Still, the flat-to-high stablecoin base does not eliminate stress. Coin Metrics said liquidity remains shallow and market-making activity has weakened, particularly outside the majors [2]. In other words, the market can have plenty of stablecoin balances on paper and still struggle to translate them into active bid support.
| Metric | Recent reading | Market implication |
|---|---|---|
| Spot Bitcoin ETF net flows | -$4.9 billion since mid-October [2] | Demand channel has flipped from support to pressure |
| Stablecoin supply | $269 billion [1] | Cash-like balances remain available |
| Spot BTC held by ETFs | 257,285 BTC added in 2025 [1] | ETFs remain a major holder base |
| IBIT holdings | ~780,000 BTC [2] | Flow concentration is high in one issuer |
Liquidity stress is showing up in market structure
The current pattern is less about a single bad day and more about a narrowing of market depth. Coin Metrics said order books outside the majors saw a sharper and more persistent drop in depth, reflecting reduced risk appetite and lower market-making activity [2]. That is relevant for investors because thinner books can amplify volatility even when headline flows appear manageable.

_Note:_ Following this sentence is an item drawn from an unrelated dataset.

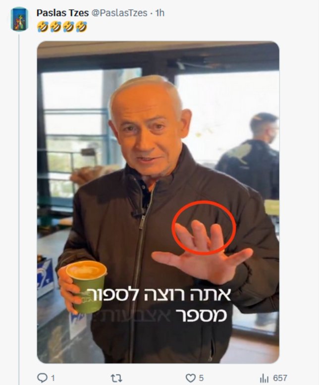 Il y a peu de jours était apparu sur le compte officiel du Premier ministre israélien Benyamin Mileikowsky dit Netanyahu, une vidéo visiblement faite par la dénommée IA, où il apparaissait furtivement avec des mains à six doigts. Puis le compte officiel a récidivé, tandis que le compte de son fils qui passait son temps jusque là à « touiter » sur tout et rien est devenu muet.

Amberdata also noted that October’s ETF outflows were tied to arbitrage unwinds rather than outright capitulation [1]. That is a useful counterpoint. It suggests at least some of the selling was mechanical, not a full-scale rejection of the asset class. The risk, however, is that mechanical outflows still remove marginal support when liquidity is already weak.
This is where the stablecoin signal becomes important. If stablecoin balances remain high but are not being deployed, the market can stagnate rather than recover. If stablecoin supply begins to contract as well, the stress would deepen and suggest broader capital flight. That remains an uncertainty.
Issuer concentration is shaping the flow picture
The flow story is also increasingly concentrated. Amberdata said BlackRock and Fidelity captured virtually all net new institutional capital this year, while GBTC saw about $4 billion in outflows as fee-sensitive capital rotated [1]. Coin Metrics said BlackRock’s IBIT alone holds about 780,000 BTC, or roughly 60% of spot ETF holdings [2].
That concentration matters for market structure. When one or two issuers dominate inflows, changes in their flow trends can have an outsized impact on sentiment. It also leaves the market more exposed if allocations slow at the largest products first. Analysts note that this can make ETF data a more important day-to-day read than exchange volumes alone.
| Issuer / product | Reported holdings or flows | Reading |
|---|---|---|
| BlackRock IBIT | ~780,000 BTC [2] | Dominant share of spot ETF custody |
| Fidelity | $9.8 billion in net new capital [1] | One of the main institutional recipients |
| BlackRock | $24 billion in net new capital [1] | Largest beneficiary of ETF demand |
| GBTC | ~$4 billion outflows [1] | Fee-sensitive rotation away from legacy vehicle |
What comes next
The main risk is that ETF outflows continue long enough to outweigh the still-large stablecoin balance, turning latent liquidity into idle capital. Coin Metrics said a return to sustained inflows would signal stabilization, while weak depth across altcoins suggests the stress is not confined to bitcoin [2]. If that improvement does not materialize, the market may remain vulnerable to sharper price swings on relatively modest selling.
For now, the message from the data is mixed but clear: spot ETF demand has weakened, stablecoin supply has not yet collapsed, and liquidity conditions remain fragile. That combination points to a market that still has capital, but not yet the conviction needed to put it to work at scale.